§ What is being asked:
Find the line below with "Comò Bianco a". Print it and every line after it exactly, through the last line, leaving out the pictures.

§ Data shown:
________

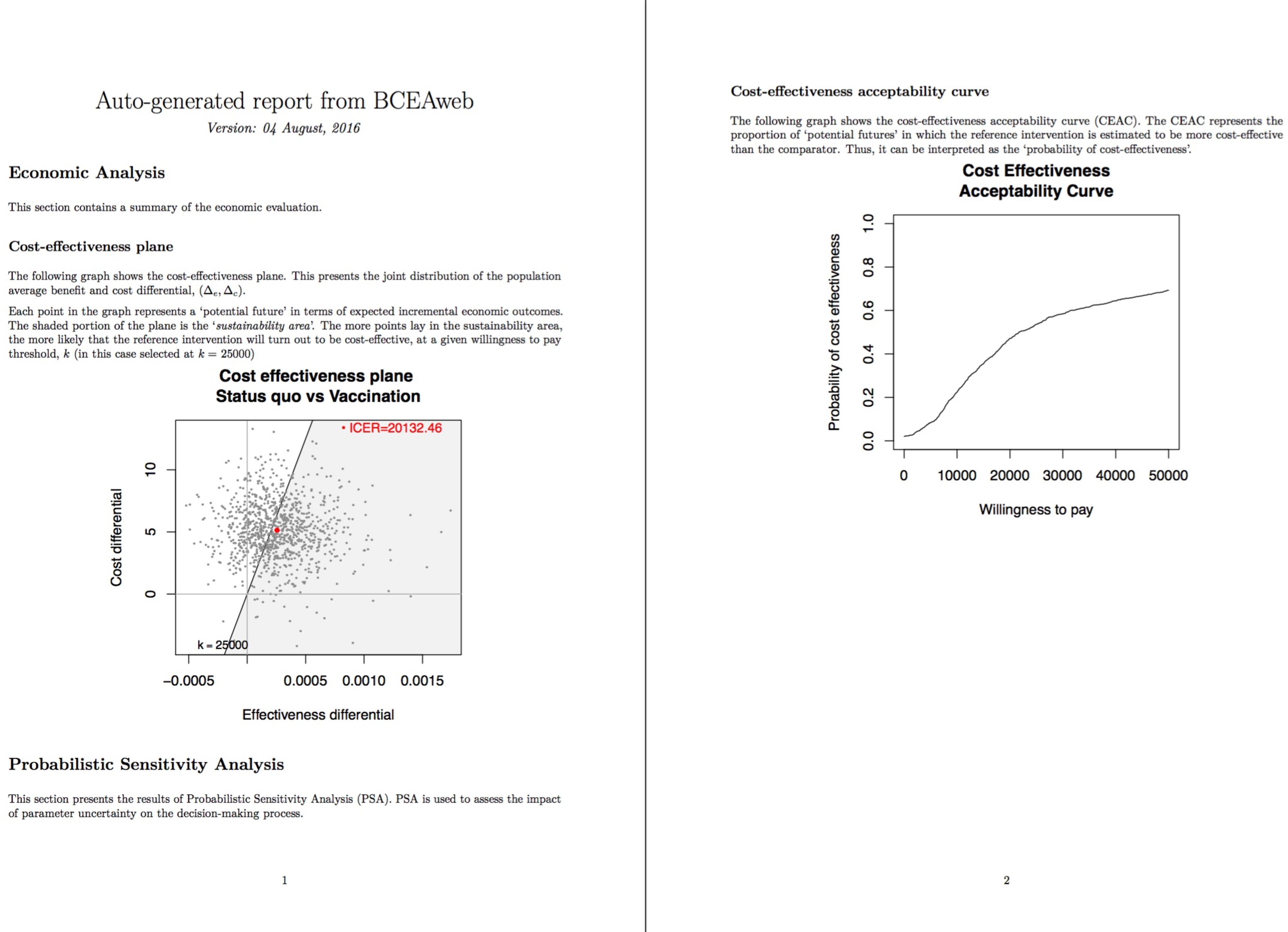 To download the report from BCEAweb it is sufficient to select the section required by the user, choose the preferred output format and click on the grey “Download” button at the bottom of the page. The report will be generated and downloaded; please note that in some internet browsers, depending on the user settings, the report might be displayed as a new web page. An example of a report generated by the web app for the vaccine example is shown in Figure 5.9. The cost-effectiveness plane and cost-effectiveness acceptability curve sections were selected to produce the report for the vaccine example.
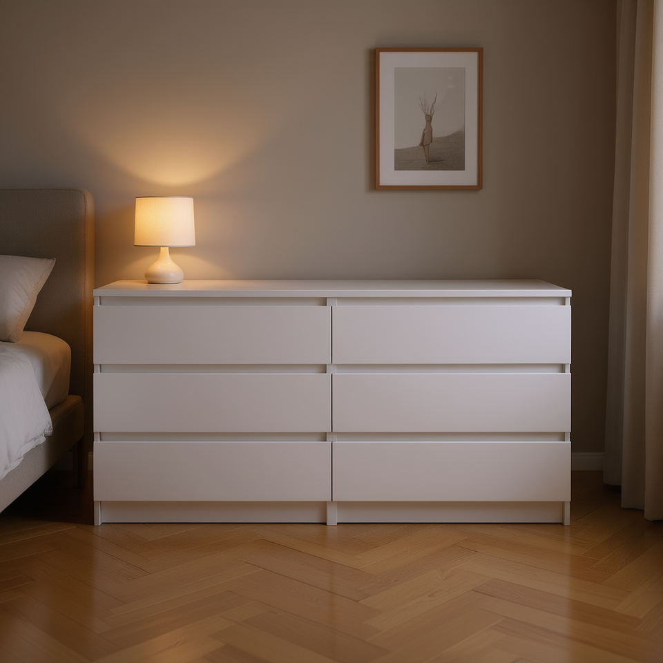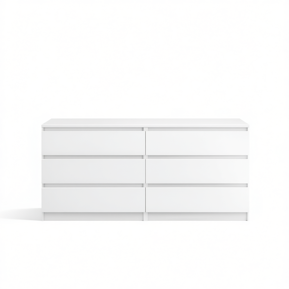 Comò Bianco a 6 Cassetti, Design Minimalista, Arredamento Camera da Letto, Costruzione in MDF con Pannelli in Legno
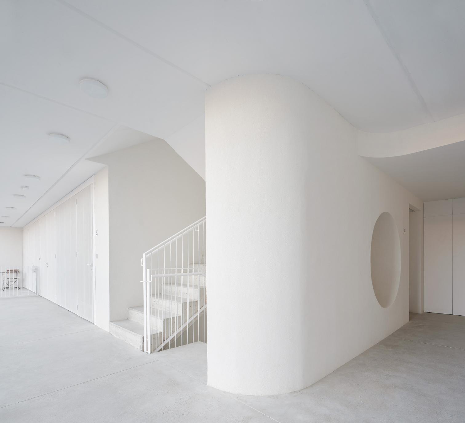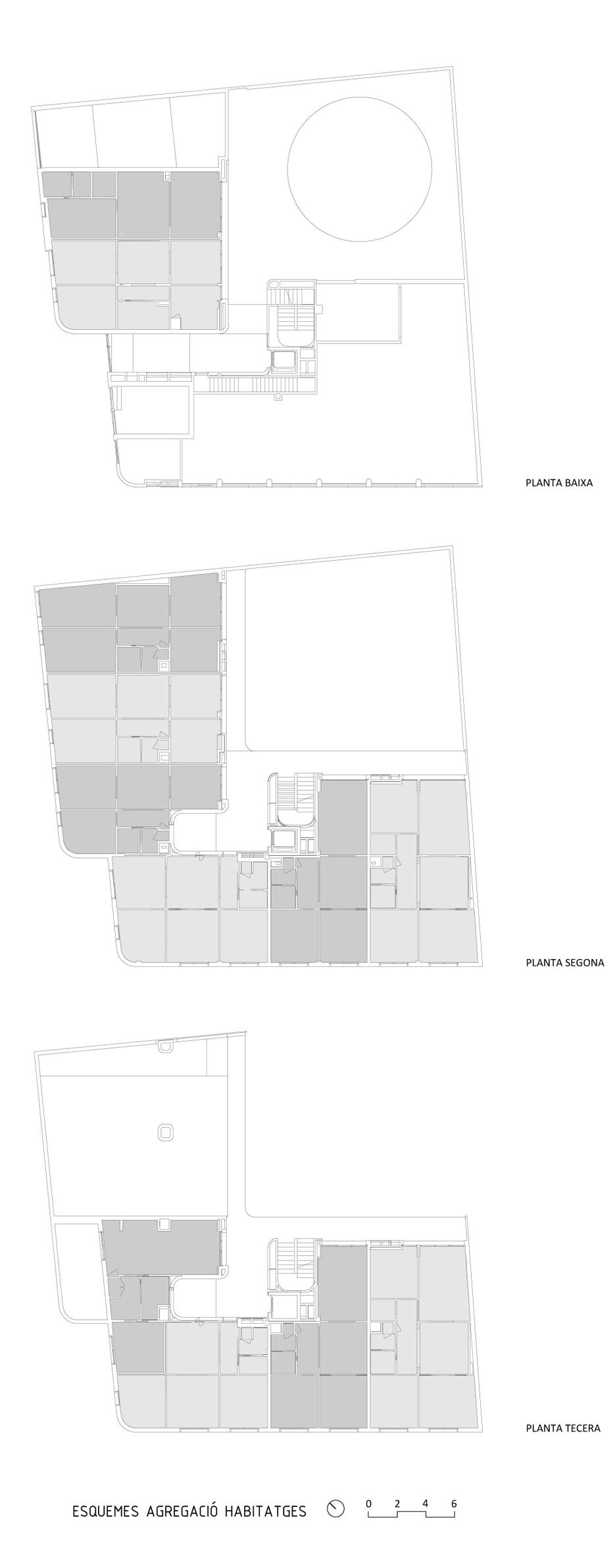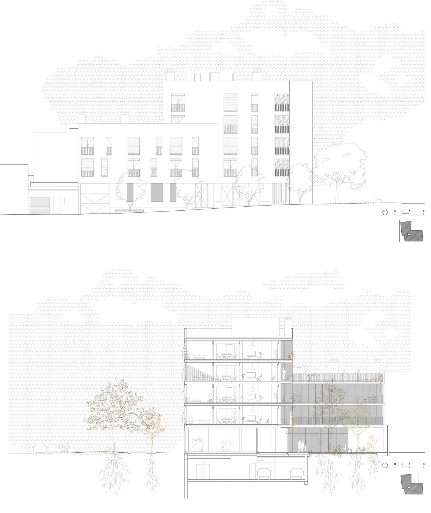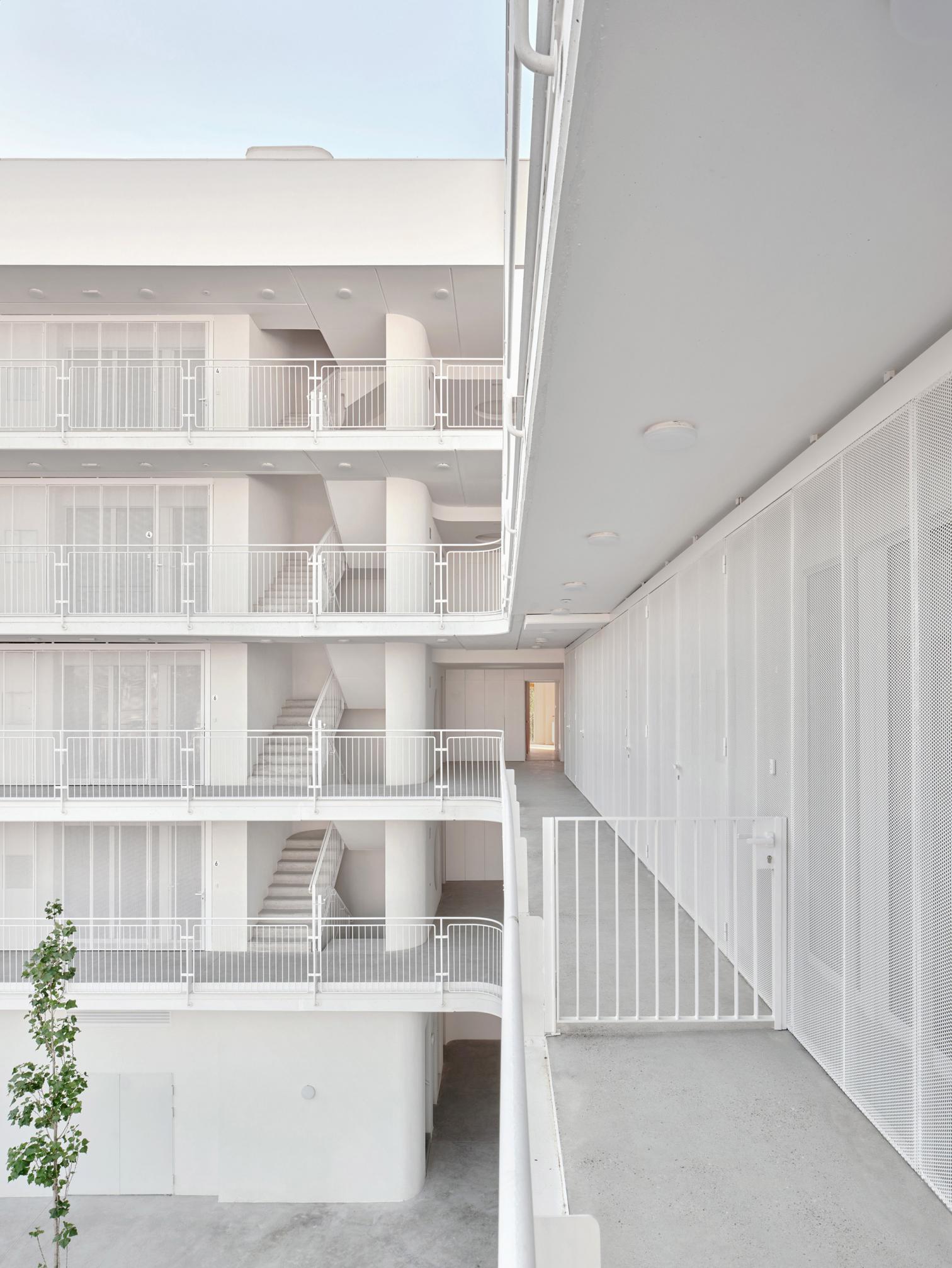 Las viviendas, cuyas superficies oscilan entre 50 y 80 metros cuadrados, se organizan en torno a un jardín comunitario en planta baja que, junto con una terraza compartida en la tercera planta, fomenta la vida en comunidad. El acceso a las viviendas se realiza a través de pasarelas exteriores que actúan como corredores abiertos, promoviendo la ventilación natural y el contacto social.

________

§ Task result:
 Comò Bianco a 6 Cassetti, Design Minimalista, Arredamento Camera da Letto, Costruzione in MDF con Pannelli in Legno
 Las viviendas, cuyas superficies oscilan entre 50 y 80 metros cuadrados, se organizan en torno a un jardín comunitario en planta baja que, junto con una terraza compartida en la tercera planta, fomenta la vida en comunidad. El acceso a las viviendas se realiza a través de pasarelas exteriores que actúan como corredores abiertos, promoviendo la ventilación natural y el contacto social.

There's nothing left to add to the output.